To evaluate the differences between C–H bonds, we calculated the hypothesized minima and maxima en route to C–F bond formation for primary, secondary, and tertiary substrates (Fig. 1). To begin, we defined the start of the pathway with the fluoroamides as octahedral, high-spin Fe(OTf)2-DME complex (I).[18] Ligand dissociation results in the loss of DME to form II which is 7.2 kcal mol−1 higher in energy relative to I. This ligand loss opens a coordination site that allows Fe to enter the catalytic cycle via F-abstraction from the fluoroamides. This proceeds with a barrier (II-TS) of ∼25 kcal mol−1 for all systems to form the corresponding N-based radical (III). This new N-based radical is generally about −10 kcal mol−1 from the starting materials. The 1,5-HAT proceeds through a six-membered transition state (III-TS) with 16.4, 12.6, and 9.7 kcal mol−1 barriers for primary, secondary, and tertiary substrates, respectively. This abstraction forms the corresponding C-based radicals (IV) that were −15.0, −19.9 and −22.4 kcal mol−1 relative to the starting materials for primary, secondary, and tertiary substrates, respectively. A barrierless transition allows for the abstraction of fluorine from Fe(iii)-fluoride to simultaneously furnish the products (V) and regenerate catalyst II. Interestingly, this transition seems to proceed with an intermolecular electron-transfer from the alkyl radicals to the Fe(iii) center. The overall process is highly exergonic at −53.7, −58.6, and −61.9 kcal mol−1 for primary, secondary, and tertiary substrates, respectively. We attribute the low yields for the tertiary example to rapid oxidation of the carbon radical, likely by Fe(iii), that forms a tertiary carbocation and leads to unwanted side reactions. The turnover-limiting step is the N–F abstraction by Fe (II-TS).

Fig. 1

Computed relative Gibb's free energies for intermediates and transition-states along the reaction pathway (uM06/cc-pVTZ(-f)-LACV3P**//uM06/LACVP** level of theory).

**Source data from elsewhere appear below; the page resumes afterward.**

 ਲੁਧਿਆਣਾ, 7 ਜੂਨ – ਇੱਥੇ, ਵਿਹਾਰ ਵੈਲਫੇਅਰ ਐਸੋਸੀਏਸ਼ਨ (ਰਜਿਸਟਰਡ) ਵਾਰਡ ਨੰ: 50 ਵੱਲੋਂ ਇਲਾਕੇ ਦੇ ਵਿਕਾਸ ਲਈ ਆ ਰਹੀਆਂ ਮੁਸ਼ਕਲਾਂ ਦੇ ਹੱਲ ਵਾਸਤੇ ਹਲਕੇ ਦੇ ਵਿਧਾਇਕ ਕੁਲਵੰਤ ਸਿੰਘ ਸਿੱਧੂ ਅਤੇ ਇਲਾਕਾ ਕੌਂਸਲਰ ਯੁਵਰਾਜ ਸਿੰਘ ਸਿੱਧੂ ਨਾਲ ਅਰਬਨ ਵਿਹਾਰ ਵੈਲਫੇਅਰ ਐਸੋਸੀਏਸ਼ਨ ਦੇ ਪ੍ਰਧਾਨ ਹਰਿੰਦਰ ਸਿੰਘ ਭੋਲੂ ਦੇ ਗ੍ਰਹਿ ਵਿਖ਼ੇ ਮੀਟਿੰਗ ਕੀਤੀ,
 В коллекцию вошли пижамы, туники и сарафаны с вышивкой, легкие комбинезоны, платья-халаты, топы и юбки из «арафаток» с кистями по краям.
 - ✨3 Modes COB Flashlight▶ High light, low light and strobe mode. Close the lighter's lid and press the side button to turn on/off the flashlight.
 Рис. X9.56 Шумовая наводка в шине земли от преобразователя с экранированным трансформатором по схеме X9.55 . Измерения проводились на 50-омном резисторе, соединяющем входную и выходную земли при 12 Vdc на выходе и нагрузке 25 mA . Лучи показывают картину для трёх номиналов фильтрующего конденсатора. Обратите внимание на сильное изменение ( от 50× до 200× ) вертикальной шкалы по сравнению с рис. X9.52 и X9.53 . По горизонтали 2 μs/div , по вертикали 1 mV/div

An alternative pathway, related to the classic HLF reaction,[19] would involve radical chain propagation. Although unlikely, we also evaluated this pathway computationally (Fig. 1). Consistent with our previous report,[18] this process proceeds with an unfavorably high barrier of 30.0, 28.1, and 26.8 kcal mol−1 for primary, secondary, and tertiary substrates, respectively. Hence, this process cannot compete with the barrierless delivery of fluorine from the Fe(iii) fluoride species.

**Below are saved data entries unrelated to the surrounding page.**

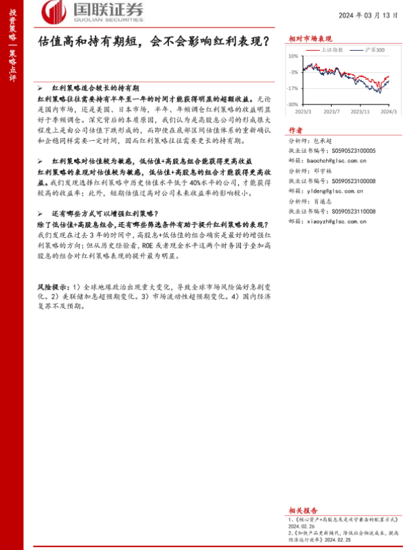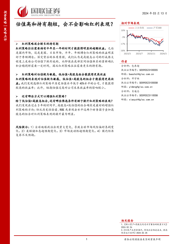 【国联证券】【20240313】策略点评:估值高和持有期短,会不会影响红利表现?-27页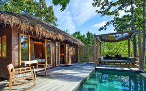 Комфортные и уединенные виллы располагают просторной гостиной зоной на открытом воздухе и собственной ванной комнатой. Все они обставлены деревянной мебелью в загородном стиле и укомплектованы телевизором, мини-баром и феном.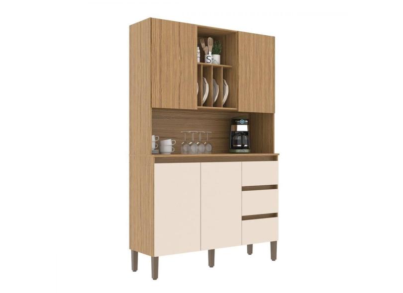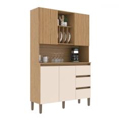Armário de Cozinha 4 Portas 3 Gavetas Naturalle/Cristalo - Decibal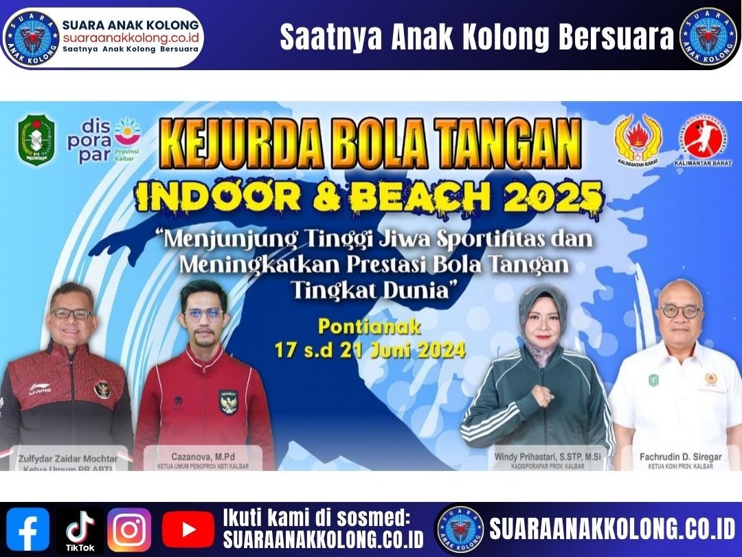 SUARAANAKKOLONG.CO.ID Pontianak, 9 Juni 2025 — Sebanyak 10 kabupaten/kota di Kalimantan Barat resmi menyatakan kesiapan mereka mengikuti Kejuaraan Daerah (Kejurda) Bola Tangan Indoor dan Pantai Putra/Putri 2025, yang akan digelar pada 17–21 Juni 2025.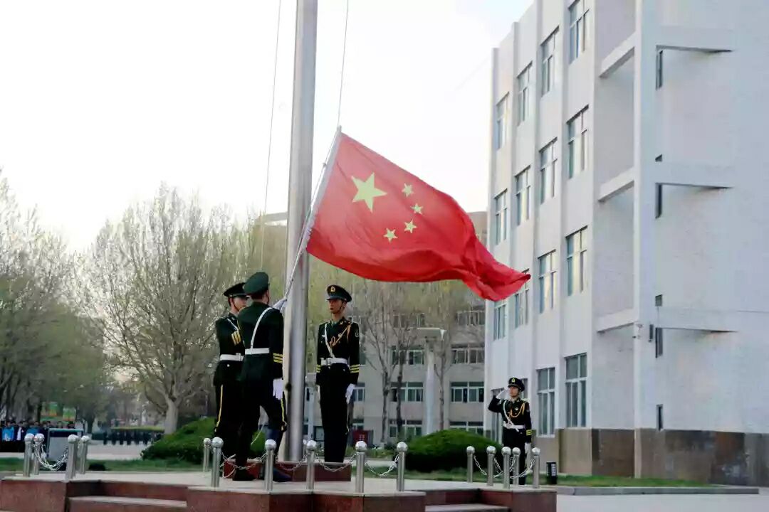 7时整,升旗仪式在庄严肃穆的气氛中开始。“迎国旗!”迎着朝阳,国旗护卫队队员迈着铿锵有力的步伐护送国旗走向国旗台。奏国歌,升国旗,雄壮的国歌声响彻校园,五星红旗缓缓升起,全体师生向国旗行注目礼。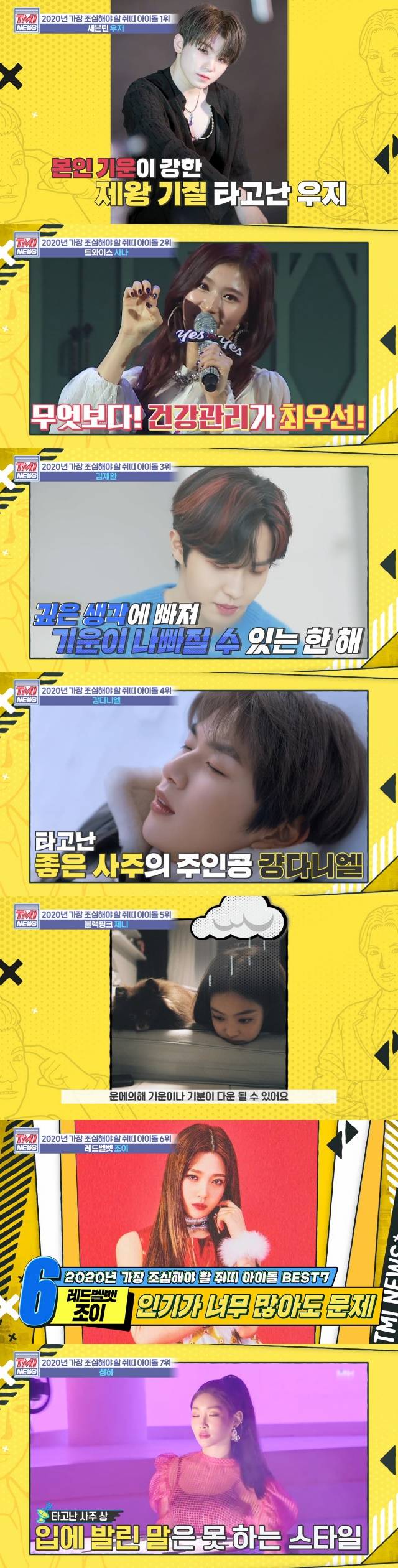 6위는 인기가 너무 많아도 문제라며 레드벨벲 조이가 언급됐다. 전문가는 “사주부터 도화인데 관상도 도화다. 이분은 진정한 연예인 사주다. 한 남자의 여자보다 만인의 여자가 될 사주다”라며 “이성과의 스캔들로 구설수가 심해질 수 있는 해다. 올해는 자신의 의견을 피력하다보니 마찰이 생길 수 있다. 구설수가 있더라도 돈 복이 좋고 본인이 마음먹으면 다 성공할 사주다”라고 말했다.
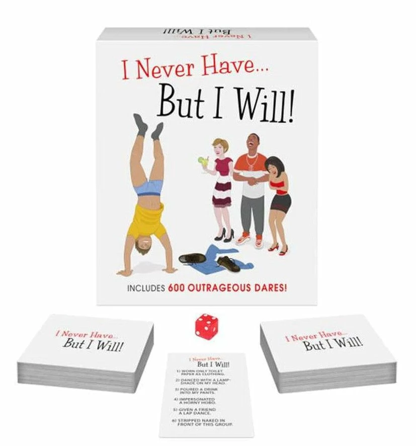 The crass party game with over 600 DARES! After an I Never Have statement is made, players indicate who of them have never done the action. The first of these players who announces, βBut I Willβ then acts out the dare and earns the card as a point. Play for points or as a drinking game! You can even offer a prize to the winner, such as candy, wine, a back rub, or a spanking! Includes: a die and 100 dare cards.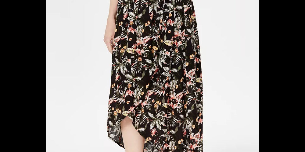 Style & Co Women's Printed High Low Skirt Black Size Small

In conclusion, we leveraged critical computational insights to enable the use of simple amines as a building block for the directed fluorination of C–H bonds. The reaction targets unactivated Csp3–H bonds site selectively regardless of bond strength. The reaction proceeds under mild iron catalysis that allows broad functional-group compatibility and provides access to unique fluorinated motifs. Moreover, we identified fluoroamides as surprisingly stable functional groups with likely implications for biology and materials. Mechanistic evaluation of fluorine transfer with DFT provided a detailed reaction coordinate that explains the observed reactivity. The overall reaction and mechanistic insights should provide chemists a more predictable approach to site-selective fluorination of C–H bonds.

Conflicts of interest

The authors declare no conflicts of interest.